Asian markets continue to rally (and we like these Asian leaders) and European
(particularly in local currency terms) and North American markets appear to be
consolidating gains without adverse reaction.

Although this global bull market is ripe for a short-term correction, market
internals globally continue to improve on an intermediate-term basis and the
clearly bullish bias remains. Particularly in the US there are limits — bonds
seem set on limiting declines whenever they start, yet oil and resources along
with a higher dollar seem to limit the upside to a market that edges higher but
does not move on all cylinders. Our best guess remains that for the big cap
indexes this is a retest rally that will just slightly exceed the highs of
earlier this year before petering out — valuation problems loom not too far
overhead. Short-term oriented higher risk traders should be finding tradeable
action here, but we still advise a higher than normal degree of caution for
longer-term investors, though some participation is in order.
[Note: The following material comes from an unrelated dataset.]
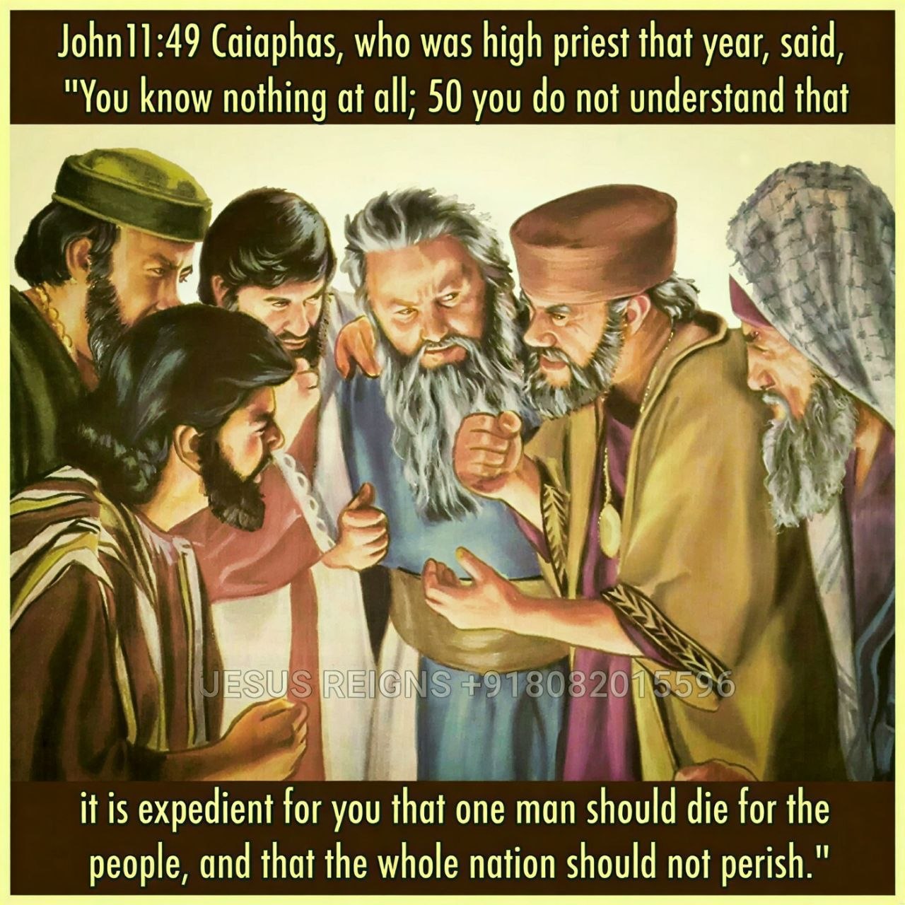 45 Many of the Jews therefore, who had come with Mary and had seen what he did, believed in him; 46 but some of them went to the Pharisees and told them what Jesus had done. 47 So the chief priests and the Pharisees gathered the council, and said, "What are we to do? For this man performs many signs. 48 If we let him go on thus, every one will believe in him, and the Romans will come and destroy both our holy place and our nation." 49 But one of them, Caiaphas, who was high priest that year, said to them, "You know nothing at all; 50 you do not understand that it is expedient for you that one man should die for the people, and that the whole nation should not perish." 51 He did not say this of his own accord, but being high priest that year he prophesied that Jesus should die for the nation, 52 and not for the nation only, but to gather into one the children of God who are scattered abroad. 53 So from that day on they took counsel how to put him to death.

Emerging markets
in Latin America, Eastern Europe and Asia are leading the advance. Oil and
resources remain strong though vulnerable to a peak in oil prices. European
financials and utilities still seem to be faring well in response to lower bond
yields. Biotech seems to be a newer leader in the current rally that traders
could watch, as do semiconductors. Soft drinks, defense/aero, and housing
continue to lead on the upside. Midcap value and small cap sectors continue to
do well relative to other segments, though small caps are up against a valuation
resistance level here.

The dollar/EUR test of 1.175 continues and is important to watch. A move over
1.23 will set up a more serious dollar correction, whereas a breakdown below
1.175 will likely setoff an avalanche of stop orders and lead to a move down to
1.10. Dollar strength would likely make commodity strength tougher. Bonds are
also drifting toward longer-term support uptrend lines that bear watching. It’s
watch and wait with the drift higher in global markets likely to continue until
some significant action develops.

Breadth on our TopRS/EPS New highs versus new lows lists is bullishly biased
with new lows and potential shorts practically non existent.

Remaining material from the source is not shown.